Among the various alternative medicines being promoted for autism cure, only one has been proven to work-melatonin, which is said to aid in sleeping. No sufficient evidence has been gathered with respect to hyperbaric oxygen therapy, Vitamin B6, fish oil and immunoglobulin. In addition, no specific evidence has been given to support homeopathy, bowel bleaching or chelation.

Professor Whitehouse informed the crowd in the conference of the evidence backing the idea that music therapy and massage could aid in helping children with autism fall asleep. However, no direct evidence has been found with respect to the benefits of yoga for autism.

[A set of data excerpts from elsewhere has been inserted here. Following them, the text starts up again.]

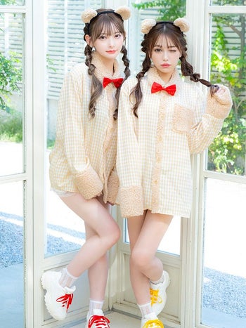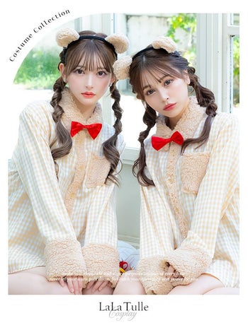 4. 【コスプレ】テディベア チェック柄 ボア シャツ ガーリー アニマル 衣装3点セット [カチューシャ/シャツ/リボンブローチ]
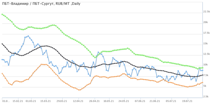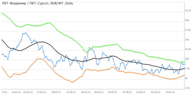 Разница цен между ПБТ на базисе Владимир и ПБТ на базисе Сургут (Ханты-Мансийский а.о.).
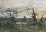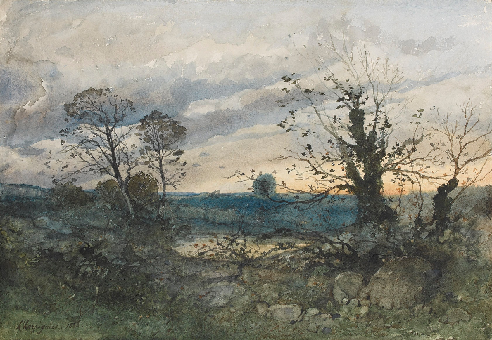 Harpignies developed a particular speciality of landscape drawings in watercolour, a medium he mastered early on. Watercolour drawings accounts for many of the artist’s finest works, and were the basis of his reputation, particularly outside France. (As a contemporary English critic, writing in 1905, noted, ‘one ventures to prophesy that the day will come, if it has not already arrived, when the water-colours of M. Harpignies will be prized even more dearly than his paintings in oils. As an aquarellist M. Harpignies is practically without a living rival in his own country...’). Harpignies exhibited his first watercolour landscapes at the Salon of 1864, where they were praised by the critic Théophile Thoré, and in later years exhibited at both the Société des Aquarellistes Français in Paris and the British Watercolour Society in London. The freshness and luminosity of his watercolours soon gained him a wide audience, and led to his taking on a number of private pupils. Harpignies’ reputation as a watercolourist spread to England, and he was invited by Whistler to exhibit at the Royal Institute in London, From the early 1900’s onwards, he began to substitute charcoal for watercolour, and his drawings take on a silvery-grey tonality that is perhaps indicative of his failing eyesight. Nevertheless, Harpignies maintained an emphasis on a distinctive manner of tonal landscape, inspired by Corot, in the paintings and drawings that he produced well into the early years of the 20th century.
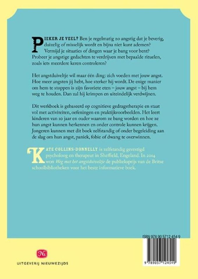 angst cognitieve gedragstherapie psychologie jongeren vecht-vlucht-verstijfreactie zelfhulp angstduiveltje paniek piekeren angststoornissen werkboek persoonlijke ontwikkeling gedachten bijsturen gedrag bijsturen lichamelijke reacties emotieregulatie vermijdingsgedrag empowerment exposure zelfbeeld dwanggedachten negatieve denkpatronen fobieën zelfredzaamheid stress mentale weerbaarheid copingstrategieën sociale angst ontspanningstechnieken adolescentie
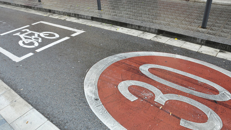 A més, s’està implantant nova senyalització horitzontal que s’inclourà a tots els carrils bici bidireccionals i en tots aquells unidireccionals en què les bicicletes circulin en sentit contrari al dels cotxes. Es tracta d’un pictograma que pretén alertar als vianants de la possibilitat que els ciclistes puguin circular en sentit contrari als vehicles.
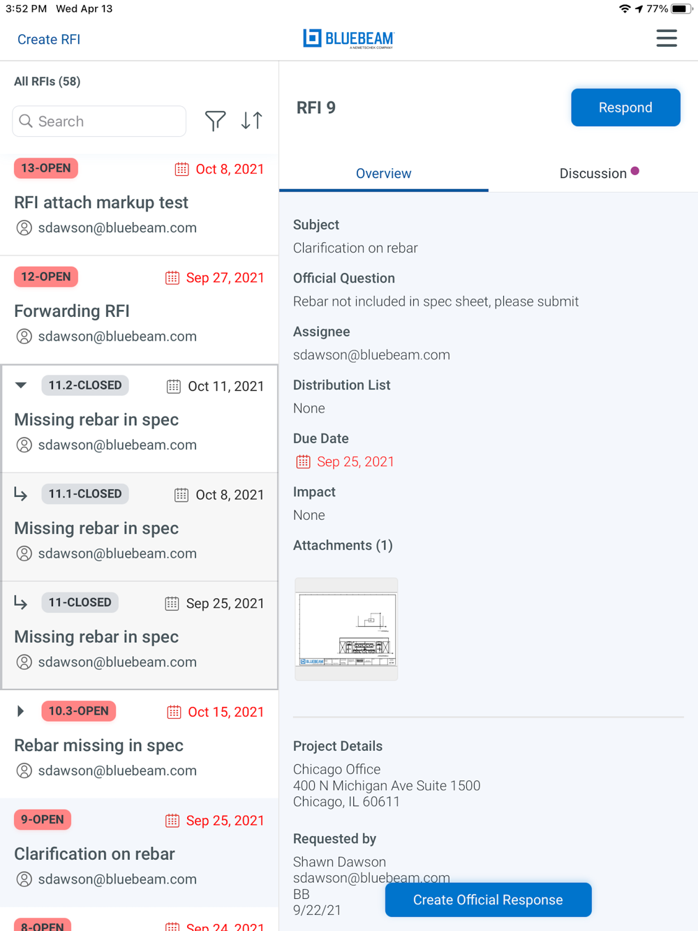 Effortlessly markup and collaborate on project documents, and manage punch, RFIs and submittals on the go with new Bluebeam Cloud solutions.
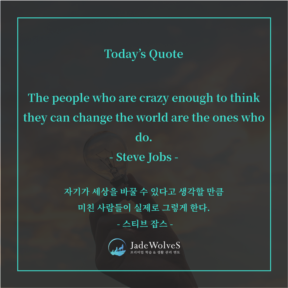 자기 일에 미친 사람이 세상을 바꿉니다.
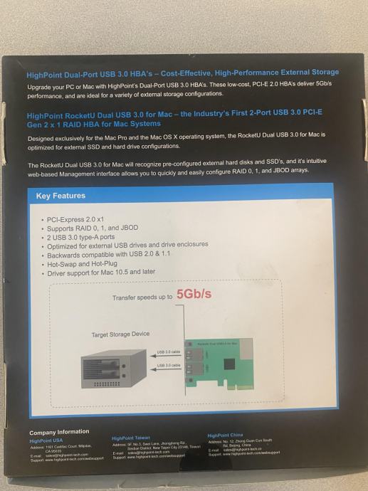 HIGH POINT ROCKETU DUAL USB 3.0 FOR MAC DUAL PORT USB 3.0 SUPER SPEED RAID HBA
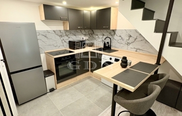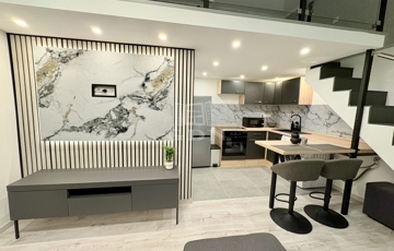 • „A” lakás: 27 m² + 9 m² galéria, elkészült konyhabútorral, gépészetkész állapotban.

The conference revealed shocking revelations from the participating parents. It was found that 54 per cent of 169 families of autistic children used one or more complimentary or other alternative for autism. While unconventional treatments may sound persuasive, these are not sufficiently supported by substantial study.

For instance, hyperbaric oxygen therapy or HBO2 may cause seizures or pulmonary complications if used improperly or under inadequate supervision. On the other hand, secretin, an amino-acid polypeptide that aids digestion, as well as vitamin B6-magnesium were both safe, but did not have any positive effect on autism.

Since these alternative medicines are very aggressively marketed, it is necessary that parents should be wary of their harmful side effects.